I think I have a similar issue on RedHat 5 using SMO 3.3. Cloning used to work in 3.2, but now it doesn't function. The archivelog ASM disk is removed before the operation is complete.
--[ INFO] SMO-03054: Mounting backup Backup1 on host dcvmtestdb.xxx.com to feed archivelogs.
--[ INFO] SD-00028: Beginning to connect device(s) [/dev/sdf] from snapshot smo_dcvmtestdb_test2db_f_h_2_8aa08ae33d7ec35b013d7ec362300001_1.
--[ INFO] SD-00029: Finished connecting device(s) [/dev/sdf] from snapshot smo_dcvmtestdb_test2db_f_h_2_8aa08ae33d7ec35b013d7ec362300001_1.
--[ INFO] ASM-10002: Assigning ASMLib disk identifier SM_DSK_1363631733567 to device /dev/sdm1.
--[ INFO] ASM-00500: Changing ASM Disk Group name in header of disk /dev/sdm1 from REC to REC_20130318143533654_0.
--[ INFO] ASM-00000: Mounting ASM Disk Group REC_20130318143533654_0 on host dcvmtestdb.xxx.com.
--[ INFO] SMO-03061: Perform recovery using backup Backup1
--[ INFO] SMO-03081: Perform recovery using all connected backups Backup1
--[ INFO] ORACLE-30023: Beginning batch recovery process for database Clone1.
--[ INFO] ORACLE-30008: Beginning recovery process for database Clone1.
--[ INFO] ORACLE-30010: Database recovery point objective: earliest consistent point
--[ INFO] ORACLE-30017: Recovery point objective of earliest consistent point reached after applying archived/online redo logs [+REC_20130318143533654_0/test2db/archivelog/2013_03_18/thread_1_seq_1.256.810397791].
--[ INFO] ORACLE-30024: Finished batch recovery process for database Clone1.
--[ INFO] SMO-03066: Recovery succeeded.
-->REMOVES THE ARCHIVELOG ASM DISK
--[ INFO] SMO-03055: Disconnecting backup Backup1.

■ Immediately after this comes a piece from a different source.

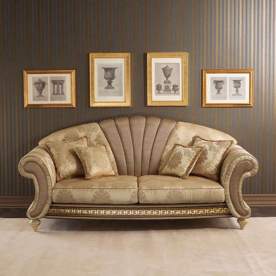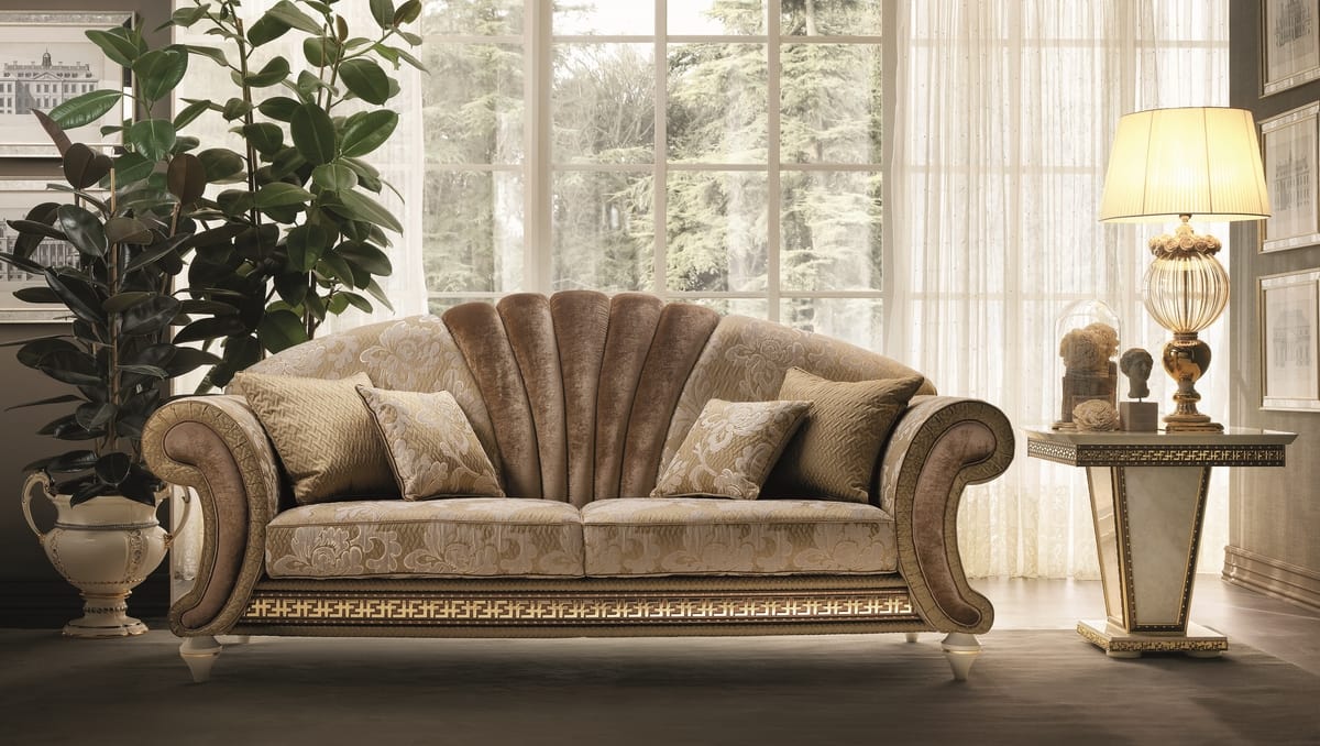 Die Wohnzimmermöbel verfügen über diese luxuriösen Sofas, die einen elegant geselligen Raum schaffen. Die weichen Linien und das zentrale fächerförmige Paneel geben diesem Sofa eine starke ästhetische Wirkung, die zeigt, dass es sich um ein Möbelstück von großem Wert handelt.

--[ INFO] ASM-00002: Dropping ASM Disk Group REC_20130318143533654_0.
--[ INFO] ASM-10003: Deleting ASMLib disk SM_DSK_1363631733567.
--[ INFO] SD-00019: Discovering storage resources for all system devices.
--[ INFO] SD-00020: Finished storage discovery for all system devices.
--[ INFO] SD-00034: Beginning to disconnect device(s) [/dev/sdm].
--[ INFO] SD-00035: Finished disconnecting device(s) [/dev/sdm].
--[ INFO] SMO-07320: Opening database "Clone1" with RESETLOGS option.
--[ INFO] SMO-07316: Shutting down database "Clone1".
--[ INFO] SMO-07321: Starting up database "Clone1" in MOUNT mode.
--[ INFO] SMO-07307: Generating new Database ID for "Clone1".
--[ERROR] SMO-07315: Error running DBNEWID utility: .
--[ERROR] SMO-13032: Cannot perform operation: Clone Create. Root cause: SMO-07315: Error running DBNEWID utility: .
-->ERROR DUE TO QUERYING ASM DISK IT ALREADY REMOVED
--[ERROR] FLOW-11019: Failure in Disconnect: ASM-10000: Error executing ASMLib command "/etc/init.d/oracleasm querydisk -d SM_DSK_1363631733567": Disk "SM_DSK_1363631733567" does not exist or is not instantiated
--[ERROR] FLOW-11008: Operation failed: ASM-10000: Error executing ASMLib command "/etc/init.d/oracleasm querydisk -d SM_DSK_1363631733567": Disk "SM_DSK_1363631733567" does not exist or is not instantiated
--[ERROR] SMO-08002: Error while aborting operation: SMO-11008: Error destroying cloned storage: FLOW-11019: Failure in Disconnect: ASM-10000: Error executing ASMLib command "/etc/init.d/oracleasm querydisk -d SM_DSK_1363631733567": Disk "SM_DSK_1363631733567" does not exist or is not instantiated
Can you please upload the SMO log file?
I also have the problem that after upgrading the SMSAP to Version 3.3 the cloning process tries to connect to the Oracle Database via port 1500. The listener port in our system is configured on port 1502. The whole process was working perfectly with version 3.1.
Is this a bug in version 3.3 ? Is there a solution from NetApp?